An iPhone connects over Tailscale VPN to a MacBook Air. The MacBook runs tmux or zellij for session persistence, alongside Lungo or Patterned as keep-awake utilities.

IDE & Editor Layer

Primary: Cursor AI - fastest iteration with a native AI engine
Secondary: VS Code (with Cline and Continue.dev) - battle-tested
Terminal: Claude Code CLI - heavy multi-file work
SSH: Termius - mobile remote access

AI Tools & LLM Backends

Agents: Cline, Claude Code, Aider, Windsurf
Local: Ollama - free, instant completions
Routers: OpenRouter, LiteLLM - cost and speed optimization
Web: ChatGPT, Perplexity, Claude Web, Grok

Tool Selection Decision Tree

Use this to pick the right tool for the task:

Task	Best Tool	Why	Speed	Cost
Quick code completion	Cursor AI (inline)	Instant, local context	<100ms	$20/mo
Multi-file refactor	Claude Code CLI	Best at cross-file reasoning	30-60s	$20/mo
Testing & test generation	Aider (CLI)	Specialized for tests, iterative	10-30s	Free
Research + citations	Perplexity Web	Built-in fact-checking	5-10s	Free
Image generation	Grok / Gemini	Purpose-built for images	5-20s	Variable
Local completions (offline)	Ollama (Qwen 2.5 Coder 7B)	Zero cost, instant	<100ms	Free
Complex problem-solving	Claude Code + ChatGPT	Two perspectives, no blind spots	1-2m	Combined
Code review + refactoring	Continue.dev (VS Code)	Good at style suggestions	10-30s	Free

Component Descriptions

iPhone

Purpose: Mobile access to coding sessions, remote terminals, and LLM interfaces.
Tools: Termius (SSH), web browsers for cloud LLMs.
Connection: Via Tailscale VPN for secure, private access to your MacBook (no port forwarding).

Tailscale VPN

Purpose: Secure, on-demand WireGuard-based VPN that allows devices to communicate without exposing ports publicly.
Setup: brew install tailscale && tailscale up
Use case: Connect iPhone/iPad to your MacBook seamlessly, share files, run remote commands.
Learn more: Tailscale

MacBook

Purpose: Primary development machine.
Enhancements:
- tmux / zellij: Terminal multiplexers for persistent, multi-pane sessions.
- Lungo or Patterned: Keep display awake without dimming during long coding sessions.
- caffeinate: Built-in macOS utility to prevent sleep during long-running tasks: caffeinate -dims &

IDEs and Terminals

Cursor AI (Primary)

Purpose: AI-native IDE with advanced code reasoning and multi-file understanding.
When to use: Daily coding, quick iterations, in-file suggestions, refactoring.
Strengths: Fast, context-aware, great refactoring support.
Cost: $20/month after free tier.
Keyboard shortcut: Cmd+K for inline edits, Cmd+Shift+K for codebase search.

VS Code + Cline + Continue.dev (Secondary)

Purpose: Battle-tested with AI extensions for automation.
When to use: Complex projects requiring fine-grained control, or when you prefer open-source tooling.
Strengths: Extensive plugin ecosystem, highly customizable.
Cost: Free (extensions optional).

Claude Code CLI (Heavy Lifting)

Purpose: Terminal-based AI assistant for multi-file projects.
When to use: Major refactors, implementing large features, batch testing.
Strengths: Best at understanding entire codebases, can modify multiple files at once.
Cost: Claude API usage (typically $0.50-$2 per complex task).
Usage: claude code --file=src/ "refactor authentication module"

Termius (Mobile SSH)

Purpose: SSH client for remote server access from iPhone.
Setup: Configure Tailscale + store SSH keys in Termius.
Use case: Emergency fixes, monitoring from anywhere.
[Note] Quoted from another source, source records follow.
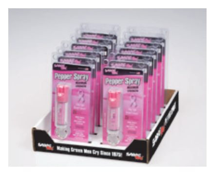
BX-KR-NBCF-02 – Compact counter display holding 12 KR-NBCF-02 units. 9\frac{1}{2} " x 10" x 8"

SABRE pepper spray is a tremendous impulse item. Maximize your SABRE sales by placing displays in high-traffic areas!
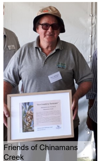
Friends of Chinamans Creek
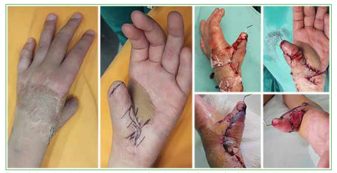
Figure 3. Second surgical stage: reconstruction of the thumb with free transfer of the hemihallux.

After the rehabilitation of the range of motion of the thumb, at eight months, the second surgical stage was carried out, which consisted of reconstruction of the thumb with a transfer of the hemihallux and end-to-side anastomosis to the radial artery and two satellite veins to the veins of the back of the hand (Figure 3).
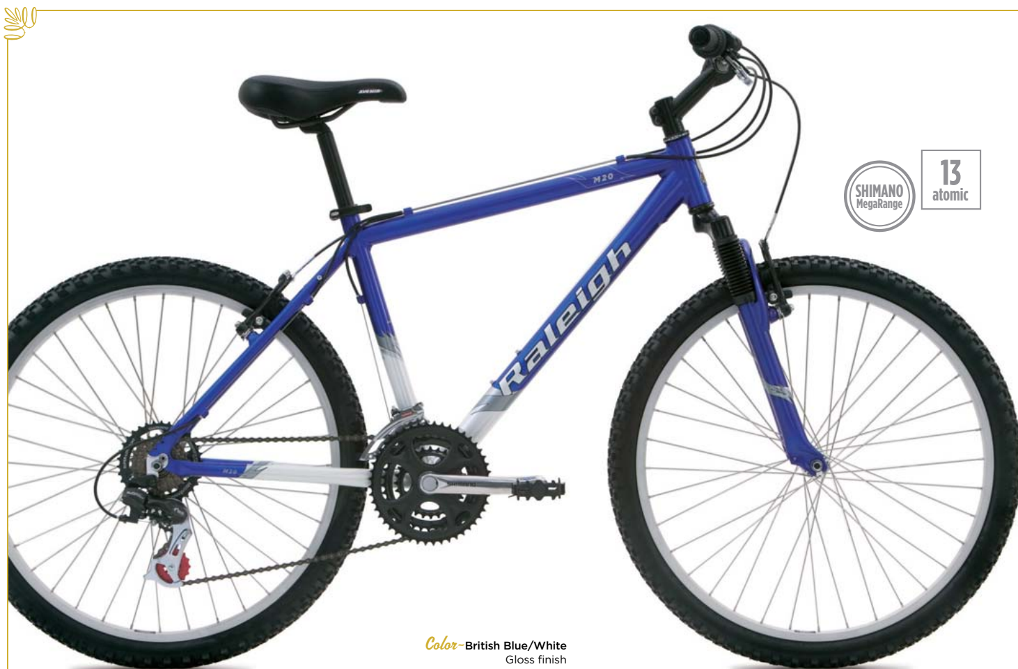
Color- British Blue/White Gloss finish

Available in men's 14", 16", 18", 20" and 22" sizes in British Black Satin or British Blue/White Gloss finishes. Women's sizes 12", 14" and 16" are available in British Berry/White Gloss or British Blue/Silver Gloss finishes.

LLM Routing & Orchestration

Goal: Assign each task to the model that solves it fastest and cheapest.

Model Selection by Task

Task Type	Recommended Model	Reason	Cost
Code generation	Claude Sonnet 4.6	Best for logic, edge cases	$0.003-0.015/task
Quick completions	Ollama (Llama 3.3 or Qwen 2.5 Coder)	Instant, local, free	Free
Research + facts	Perplexity	Built-in web search, citations	Free / Pro
Image generation	Grok or Gemini	Fast visual reasoning	Variable
Debugging	Claude Opus 4.7	Strongest at error analysis	$0.015-0.06/task
Long-context tasks	Claude Sonnet 4.6	200K+ token window	$0.003-0.015/task
Cheap batch tasks	Claude Haiku 4.5	Fastest Claude model, low cost	$0.001-0.005/task

Setup: OpenRouter or LiteLLM

OpenRouter (recommended for simplicity):
- Sign up at openrouter.ai
- Get API key and add to env: export OPENROUTER_API_KEY=sk-...
- Configure IDEs to use OpenRouter endpoint
LiteLLM (for advanced routing):
- Install: pip install litellm
- Create config file specifying fallback chains
- Use in scripts: from litellm import completion; response = completion(...)

Example Routing Logic

For fast tasks (under a 30-second deadline), set your primary model to Ollama (local and instant) with a cheap hosted backup via OpenRouter, such as GPT-4o mini or Claude Haiku 4.5.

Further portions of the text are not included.